Polymatheia supports accessing metadata records via the OAI-PMH protocol. It is a generic protocol designed for harvesting large amounts of metadata from an archive and was initially intended primarily as an archive-to-archive metadata exchange protocol. As a result of this focus, the OAI-PMH protocol provides only very limited facilities for filtering data on the server side. Instead the standard pattern is to download complete data-sets from the server and then filter and transform locally.

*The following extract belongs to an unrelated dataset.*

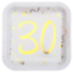 10 kpl valkoisia pahvilautasia kultafolioidulla koristekuvioilla ja numerolla 30. Nämä neliönmuotoiset lautaset ovat hieno lisä 30-vuotisjuhlien kattaukseen. Lautaset ovat 23 x 23 cm kokoisia.
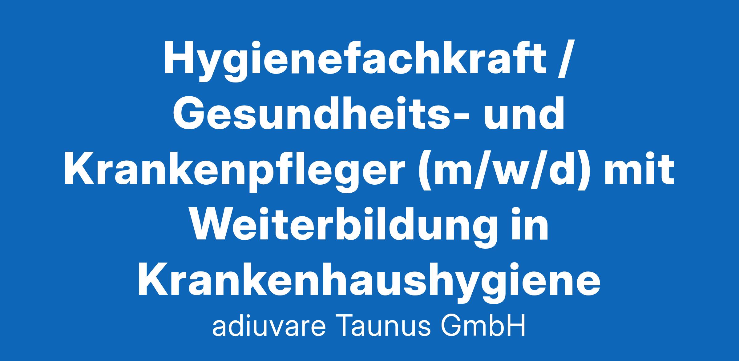 Die adiuvare Taunus GmbH sucht zum nächstmöglichen Zeitpunkt eine Hygienefachkraft (m/w/d) oder einen Gesundheits- und Krankenpfleger (m/w/d) mit Weiterbildung in Krankenhaushygiene befristet in Teilzeit (30 Std. / Woche) für das Geschäftszimmer des Netzwerks Multiresistente Erreger Rhein-Main (MRE-Netz Rhein Main). Taunus Befristet / Teilzeit Als Hygienefachkraft bzw. Gesundheits- und Krankenpfleger (m/w/d) entwickeln Sie eigenständig Schulungsunterlagen, PowerPoint-Präsentationen sowie Zertifizierungsvoraussetzungen für die verschiedenen Institutionsgruppen. Das Aufgabengebiet umfasst insbesondere folgende Schwerpunkte: Eigenständige Entwicklung von Schulungsunterlagen, PowerPoint-Präsentationen sowie Zertifizierungsvoraussetzungen für die verschiedenen Institutionsgruppen, Durchführung von Schulungen für Pflegekräfte sowie Ärztinnen und Ärzte überwiegend in Form von Inhouse-Schulungen Versand von Informationen Telefon-Helpdesk Aufarbeitung und statistische Auswertung von Untersuchungsergebnissen Regelmäßige Fortbildungen und der Austausch mit anderen Netzwerken gehören ebenso zu Ihren Aufgaben wie die Kommunikation mit übergeordneten Behörden. Auch die selbstständige Verwaltung der Homepage sowie die Pressekommunikation zählen zu Ihrem Tätigkeitsbereich. Wir erwarten: Hohe persönliche Einsatzbereitschaft, Engagement und Flexibilität Sehr gute EDV-Kenntnisse, insbesondere im Umgang mit den gängigen Office-Anwendungen Organisations- und Durchsetzungsvermögen Wirtschaftliches Denken Soziale und kommunikative Kompetenz Teamfähigkeit Der Führerschein der Klasse B und die Bereitschaft zur dienstlichen Nutzung des eigenen PKW gegen Kostenerstattung werden vorausgesetzt. Die monatliche Vergütung richtet sich nach Ihrem bisherigen Werdegang und beträgt bei einer Vollzeitstelle (39 Std. / Woche) zwischen 3.200 € und 3.600 € brutto. Ihre Bewerbung: Das Bewerbungsmanagement wird im Auftrag der adiuvare Taunus GmbH durch den Hochtaunuskreis durchgeführt. Ihre Kurzbewerbung, bestehend aus Anschreiben, Lebenslauf und der Angabe des frühestmöglichen Dienstantritts, richten Sie daher bitte in elektronischer Form per E-Mail bis zum 18. Februar 2025 an adiuvare Taunus GmbH Ludwig-Erhard-Anlage 1-5 | D-61352 Bad Homburg v. d. Höhe

OAI-PMH supports filtering on the server-side via the concept of a set. To find the available sets use the ~polymatheia.data.reader.OAISetReader
:
python
from polymatheia.data.reader import OAISetReader
reader = OAISetReader('http://www.digizeitschriften.de/oai2/') for setSpec in reader: print(setSpec)
An OAI-PMH server can provide the same metadata using different formats. To find which formats the server provides use the ~polymatheia.data.reader.OAIMetadataFormatReader
:
python
from polymatheia.data.reader import OAIMetadataFormatReader
reader = OAIMetadataFormatReader('http://www.digizeitschriften.de/oai2/') for format in reader: print(format)
To retrieve all records use the ~polymatheia.data.reader.OAIRecordReader
:
python
from polymatheia.data.reader import OAIRecordReader
reader = OAIRecordReader('http://www.digizeitschriften.de/oai2/') for record in reader: print(record)
Warning
This will retrieve ALL records provided by the OAI-PMH server, which can take a significant amount of time.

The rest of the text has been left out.